Schüchternheit ist ein unsägliches Wort. Zumindest in Zusammenhang mit Mutismus. Wie ich finde. Ich selbst habe mich noch nie als schüchtern bezeichnet und habe es gehasst, wenn es andere taten. Und ich mag es auch nicht, wenn Mutismus als krankhafte Schüchternheit bezeichnet wird. Das klingt dumm. Mutismus ist so viel mehr als Scheu und Unsicherheit. Introvertiert, ja. Zumindest bei mir. Weil ich beobachte, in mir lebe und zum Erholen mit mir sein muss. Schüchtern, nein. Ich bin kein scheues Reh, das davon rennt.

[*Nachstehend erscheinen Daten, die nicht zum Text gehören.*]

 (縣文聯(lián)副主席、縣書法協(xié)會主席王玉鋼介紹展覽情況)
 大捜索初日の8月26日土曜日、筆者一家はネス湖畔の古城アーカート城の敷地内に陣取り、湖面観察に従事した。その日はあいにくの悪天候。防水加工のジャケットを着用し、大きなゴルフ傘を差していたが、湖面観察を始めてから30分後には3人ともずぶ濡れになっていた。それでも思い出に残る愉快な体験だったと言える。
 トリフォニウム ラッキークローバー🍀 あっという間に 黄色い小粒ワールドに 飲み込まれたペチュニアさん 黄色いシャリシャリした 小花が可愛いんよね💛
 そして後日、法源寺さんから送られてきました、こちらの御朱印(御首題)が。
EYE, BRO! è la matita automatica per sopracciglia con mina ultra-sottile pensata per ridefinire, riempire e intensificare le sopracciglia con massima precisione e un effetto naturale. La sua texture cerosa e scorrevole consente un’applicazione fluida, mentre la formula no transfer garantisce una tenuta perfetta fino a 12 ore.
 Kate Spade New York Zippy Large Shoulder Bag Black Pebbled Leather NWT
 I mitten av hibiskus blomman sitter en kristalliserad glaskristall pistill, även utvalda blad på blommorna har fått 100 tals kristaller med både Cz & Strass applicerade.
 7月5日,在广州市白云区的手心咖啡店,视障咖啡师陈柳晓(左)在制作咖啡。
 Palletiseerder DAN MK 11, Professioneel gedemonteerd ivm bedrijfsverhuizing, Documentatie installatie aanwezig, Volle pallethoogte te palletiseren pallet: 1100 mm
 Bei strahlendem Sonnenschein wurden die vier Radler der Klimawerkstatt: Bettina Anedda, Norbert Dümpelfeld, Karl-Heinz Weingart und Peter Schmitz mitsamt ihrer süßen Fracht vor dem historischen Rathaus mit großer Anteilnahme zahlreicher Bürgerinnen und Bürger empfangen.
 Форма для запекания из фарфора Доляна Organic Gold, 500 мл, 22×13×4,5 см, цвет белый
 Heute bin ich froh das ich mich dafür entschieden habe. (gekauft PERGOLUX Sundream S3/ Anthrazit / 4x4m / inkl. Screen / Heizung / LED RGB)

Ich bin nicht ängstlich, weil Menschen da sind oder ich mit ihnen reden muss. Ich bin blockiert. Ich bin eingefroren, unbeweglich und stumm. Ausgeschaltet. Gelähmt. Die Muskeln funktionieren nicht. Was andere über mich denken, ist mir meist gleichgültig. Wie soll das auch anders funktionieren, wenn man minutenlang eingefroren dasitzt und alle darauf warten, dass man endlich mal etwas sagt? Oder sich bewegt. Und wenn sie noch Stunden warten würden, der Mutist sagt nichts. Weil er unbeweglich ist und innerlich wahrscheinlich schon lange nicht mehr da. Der Schüchterne wäre eingeknickt, um sich aus der Situation zu manövrieren. Oder er hätte es erst gar nicht soweit kommen lassen. Mit hochrotem Kopf hätte er vielleicht eine Antwort gestammelt, damit danach Ruhe ist. Beim Mutisten ist die ganze Zeit Ruhe. Von Anfang bis Ende.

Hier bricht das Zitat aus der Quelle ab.